How to choose the best cooking oil
Which type of oil should you use for cooking? Olive? Safflower? Sunflower? Instead of giving up and reaching for the butter, use our guide to help you choose a healthy cooking oil that also tastes great. Remember that all oils have about 120 calories per tablespoon (you could eat two apples for that number of calories), so the first rule with cooking oils is to use as little as possible. Oil is fat, and too much fat can contribute to obesity.
Use a non-stick pan to fry meat and add one tablespoon of oil for the equivalent of a four-person meal.
Oils high in monounsaturated fats – such as olive oil or rapeseed oil - may actually be beneficial for your heart and arteries. If you have heart disease or are at high risk for heart disease, these oils are smart choices.

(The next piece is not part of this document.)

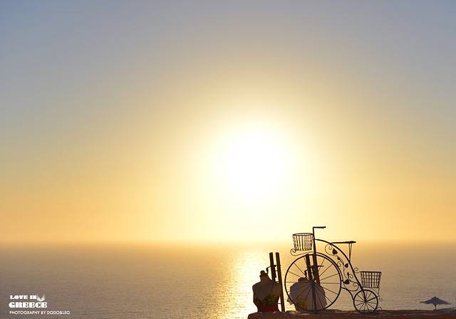 这一片酒店应该是oia最昂贵的吧,开窗便是爱琴海的日落,这两位也太惬意了吧!

If you're looking for a burst of flavour, choose a stronger oil such as sesame, peanut or walnut. Use these oils in salad dressings instead of cooking, since they burn easily. Peanut and walnut oil also give a mild, nutty flavour to salad dressings when mixed with balsamic or other flavoured vinegar.

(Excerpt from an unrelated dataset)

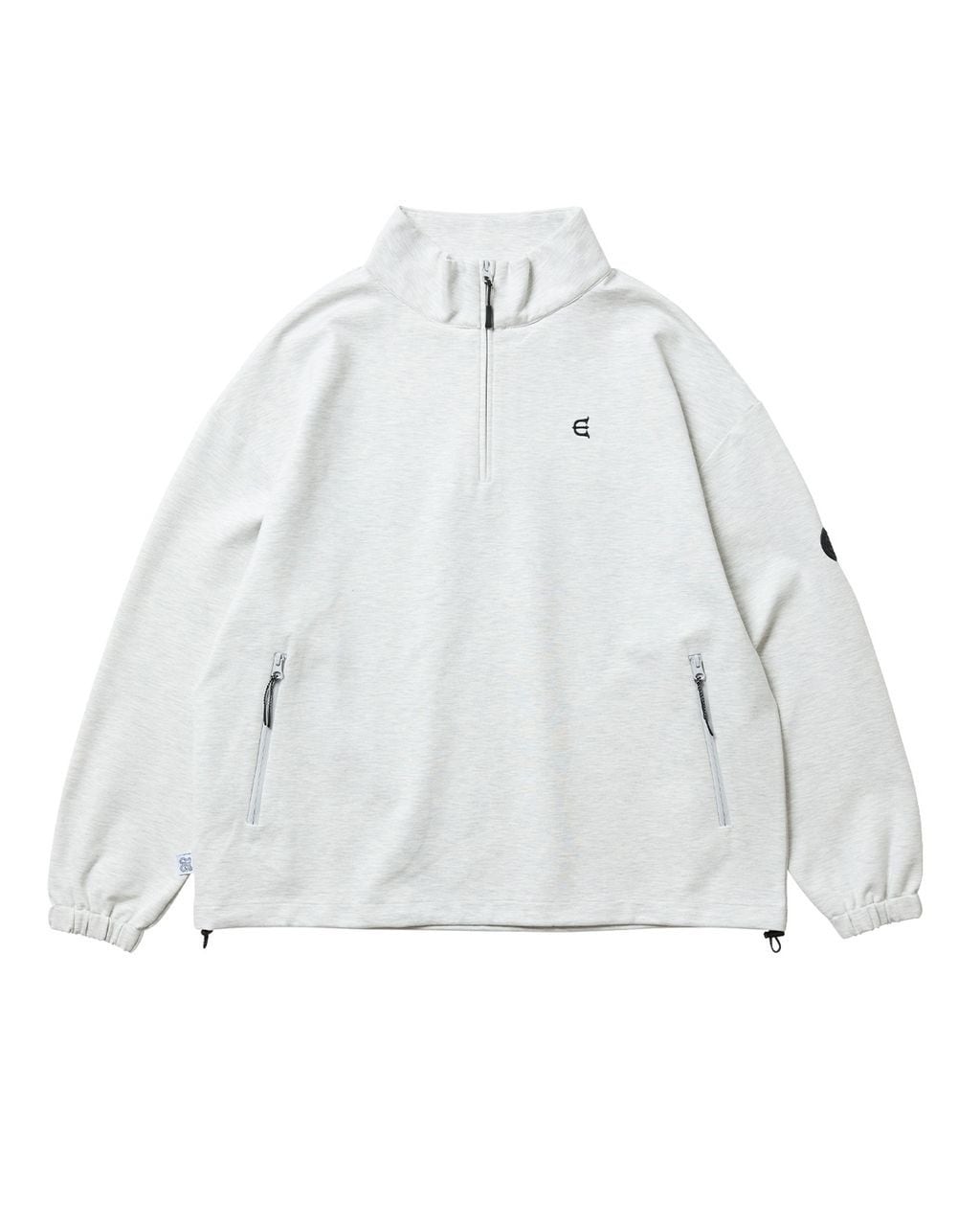 左胸にEロゴ刺繍入り。フロント腰付近にはファスナー付きのポケットを搭載。左袖にはロゴ入りのシリコンパッチ付き。

Corn, safflower and sunflower oils are high in polyunsaturated fats, which are good for you, but should still be used sparingly.
Boost your omega-3 fatty acid intake by choosing walnut oil. Omega-3 fatty acids are found in fatty fish such as salmon, trout and mackerel and are important for maintaining a healthy cardiovascular system.
If you're looking for a cooking oil to fry foods, choose one that won't burn quickly. Corn, safflower and soya oils are excellent choices. Remember that fried foods absorb quite a bit of the oil they are cooked in and therefore are much higher in calories and fat.